Under fire, Ukraine’s postal workers keep front-line deliveries moving
Oleksiy Klochkovsky drives Ukraine’s front-line mail routes with one ear on the sky, as Ukrposhta keeps pensions, medicines and parcels moving under fire.

Oleksiy Klochkovsky has spent four years driving mail and parcels around Ukraine’s front line, a job that now means scanning the road and listening for danger from above. In settlements where other services have been cut off or damaged, his route is part of something larger than delivery: it is the daily proof that the state still reaches people living under attack.
Ukrposhta, Ukraine’s state postal service, says that since Russia’s full-scale invasion began on February 24, 2022, it has lost 418 vehicles. Of those, 281 were lost during the temporary occupation of Ukrainian territory in 2022. The company says 103 mobile post-office crews have come under fire, and in 2025 alone Russian forces attacked 21 mobile branches. Even so, Ukrposhta says it still delivers 95% to 98% of parcels on time in regions where routes can change at any moment.
That reliability matters because the postal network has become a frontline lifeline. In towns and villages near the fighting, postal workers deliver pensions, social benefits, medicines, aid packages and parcels, often where banks, shops and other public services have stopped operating. For many residents in isolated communities, the post office is one of the few remaining links to cash, treatment and the outside world.
The risks have sharpened as the war has settled into a pattern of repeated strikes on civilian infrastructure. UN humanitarian reporting says short-range drone attacks remain a major threat near the front line, while a March 2026 update said front-line hostilities and shifting battle lines forced at least 30,000 people to flee in January. That instability has made postal routes a moving target, especially in Donetsk, Kherson, Dnipropetrovsk, Sumy and Chernihiv oblasts, where access can change without warning.
Ukrposhta has responded by hardening its operations.

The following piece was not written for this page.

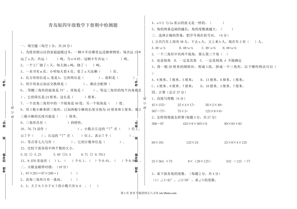 青岛版四年级数学下册期中测试题及答案.doc_第1页

It has used armored vehicles and drone-jamming equipment on some front-line routes, and at the end of 2025 it received 160 new MAN and Iveco vehicles to replace part of the fleet it has lost. The service has also kept expanding in safer cities, opening the first 70 parcel lockers in Kyiv in April and planning 30 more in Odesa that same month, with 1,000 lockers expected nationwide by the end of the year.
Four years into the war, the postal van has become a symbol of endurance. It carries more than mail. It carries pensions, medicine, state presence and the stubborn routine of civilian life into places where constant attack is meant to erase it.